Elastic dipole alignment is the origin of anelasticity and electrostriction in aliovalent-doped ceria

We investigated the nature of recently discovered anelasticity and electrostriction in aliovalent ceria. DC bias ≤10 kV/cm was applied to trivalent-doped ceria ceramics. ∼20 nm thick TaO_x was used as a blocking layer at the Ta electrode/ceramic interface. Strain was monitored in situ with X-ray diffraction and X-ray absorption spectroscopy. The electric field produces out-of-plane tensile strain ≤ 1200 ppm near the positive electrode. Upon field removal, strain persists for ≥ 24 h at 300 K but is fully reversible following 5 h at 413 K. The positive strain is not due to compositional change; rather, it is anelastic residual strain, confirming the existence of elastic dipoles. From the dopant concentration dependence of the saturation strain, the elastic dipole extent is estimated to be ∼1.9 unit cells.

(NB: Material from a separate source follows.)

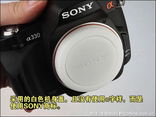 索尼A330定位于入门单反相机,所使用的机身盖为白色,上面印的logo并非索尼单反一贯使用的α字样,而是使用SONY的商标,白色的机身盖与机身显得十分不配,也显得低廉,索尼在A330上使用这样的机身盖,一定程度上降低了整体的档次。

Density functional theory (DFT) calculations predict the formation of extended elastic dipoles due to interacting oxygen vacancies and trivalent dopants. Combining DFT and molecular dynamics (MD) simulations, we offer a model that explains key experimental observations: absence of zero-field elastic dipole; contraction in the direction of the electric field on a time scale ≤ 4 s; and large expansion in the DC electric field after 14 h. The proposed model may describe anelasticity and electrostriction in other ionic conductors where they originate from dopant-vacancy induced elastic dipoles.